In TruffleRuby it's also basically not possible to implement this behavior, because at a splat call site where we check for a last Hash argument marked as ruby2_keywords, we have no idea of which method will be called yet, and so cannot differentiate behavior based on that.

cc @jeremyevans0 (Jeremy Evans) @mame (Yusuke Endoh)


Related issues 1 (0 open1 closed)

Related to Ruby master - Bug #16466: `*args -> *args` delegation should be warned when the last hash has a `ruby2_keywords` flagClosedjeremyevans0 (Jeremy Evans)Actions
Actions #1

Updated by Eregon (Benoit Daloze) 7 months ago

  • Related to Bug #16466: `*args -> *args` delegation should be warned when the last hash has a `ruby2_keywords` flag added
Actions #2

Updated by Eregon (Benoit Daloze) 7 months ago

  • Description updated (diff)
Actions #3

Updated by Eregon (Benoit Daloze) 7 months ago

  • Description updated (diff)

Updated by jeremyevans0 (Jeremy Evans) 7 months ago

Based on @matz's comments (https://bugs.ruby-lang.org/issues/16466#note-3), I do not think this is a bug. Splatted arguments where the final argument is a flagged hash will have the hash converted to keywords if the method accepts keywords. If the method does not accept keywords, I don't think the behavior is specified.

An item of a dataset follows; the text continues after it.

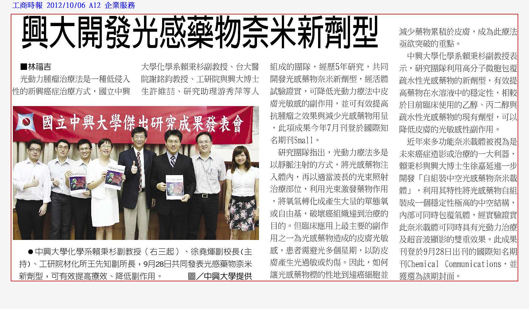 光動力腫瘤治療法是一種低侵入性的新興癌症治療方式,國立中興大學化學系賴秉杉副教授、台大醫院謝銘鈞教授、工研院與興大博士生許維(吉吉)、研究助理游秀萍等人組成的團隊,經歷5年研究,共同開發光感藥物奈米新劑型,經活體試驗證實,可降低光動力療法中皮膚光敏感的副作用,並可有效提高抗腫瘤之效果與減少光感藥物用量,此項成果今年7月刊登於國際知名期刊Small。

I think this change is more consistent than the current code. I cannot think of a justification why single(*args) would return an unflagged copy, but splat(*args) would return the flagged hash. I think there are valid arguments for both returning flagged hash, with the argument that flagged hashes only affect methods that accept keywords, and other methods they are passed straight through. I also think this change returning an unflagged copy is justifiable, with the argument that foo(*args) where the final element of args is a flagged hash should always be treated as foo(*args[0...-1], **args[-1]), regardless of the definition of foo.

I recommend that we accept this change for 3.2. I'm not sure we should backport this to 3.0 or 3.1, since it could break existing code (unlikely, but possible).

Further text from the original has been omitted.